AKK verharrt in Unsicherheit
Was folgte, waren die wohl schwierigsten Monate ihrer politischen Karriere: der missglückte Toiletten-Witz im Karneval, die unsichere Reaktion auf das Rezo-Video, ihre missverständlichen Äußerung zur Kontrolle von Internetdiskussionen, das historisch schlechte Ergebnis für die CDU bei der Europawahl.
AKK machte Fehler, und sie wusste das auch. Die Folge war Unsicherheit, oft genug versteckte sich Kramp-Karrenbauer hinter hölzerner und lebloser Rhetorik. Sie sei vorsichtig geworden, verriet sie vergangenen Monat in einem NDR-Interview.
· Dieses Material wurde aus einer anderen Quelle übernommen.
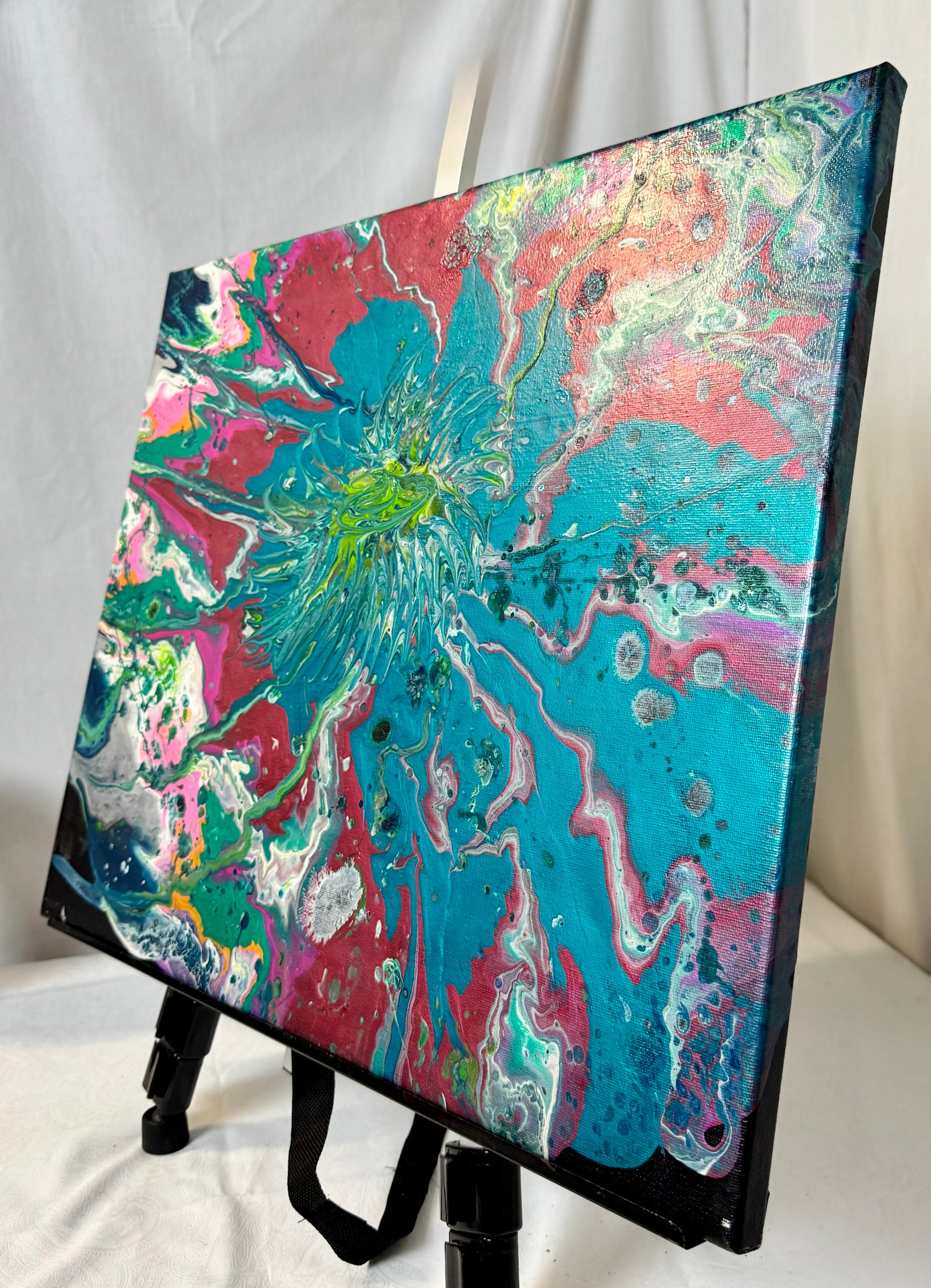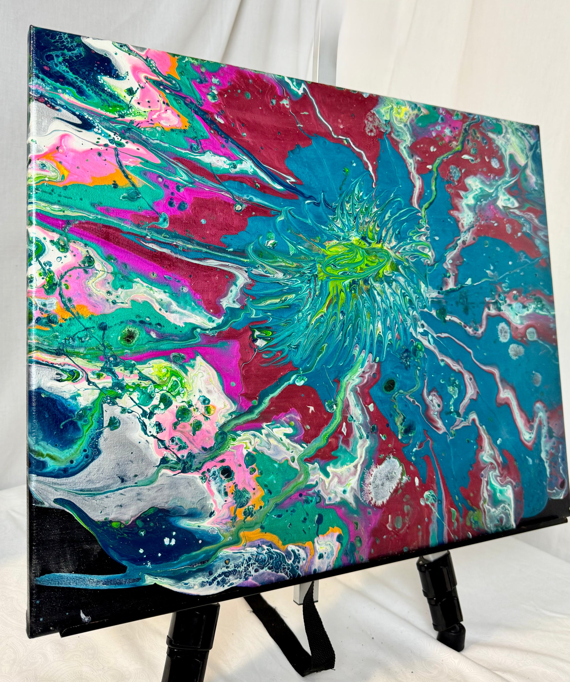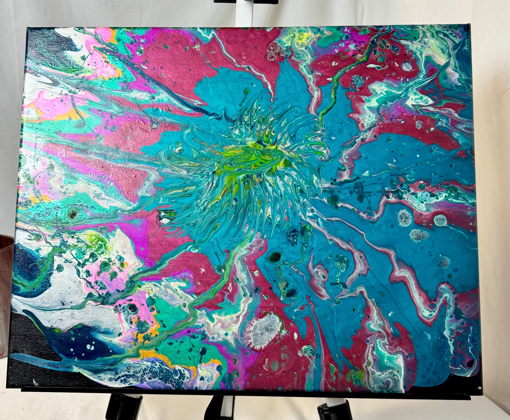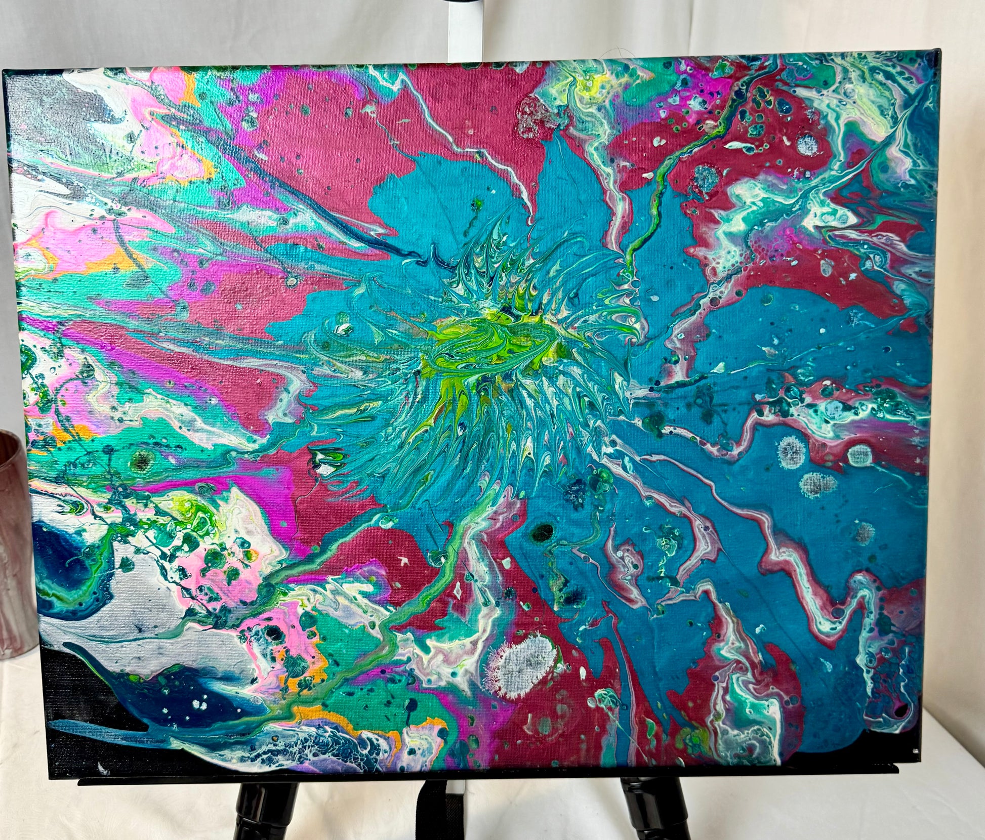 Experience a burst of color with Flower Explosion! This stunning 16X20" canvas paint pour painting is created with vibrant acrylic paints, making each piece truly unique. Transform any space into a lively and captivating environment with this breathtaking artwork.

Zwar wolle sie gerne authentisch auftreten und auf Phrasen verzichten - dies sei aber nicht einfach.
Letzte Chance für Kramp-Karrenbauer?
„Dass Politiker so abgeschliffen und ausgestanzt reden, hat natürlich auch mit Lernprozessen zu tun“, sagte Kramp-Karrenbauer. Sie habe bisweilen unterschätzt, welche Wirkung ihre Worte in den Medien entfalten können - und „ab dem nächsten Interview redet man nur noch mit einer Schere im Kopf“, sagte sie.
Das Verteidigungsministerium wird ihr nun eine große Bühne bieten, um wirkungsvoll das Wort zu erheben. Kramp-Karrenbauer muss diese Bühne zur Profilierung nutzen - es ist ihre große Chance, vielleicht auch ihre letzte.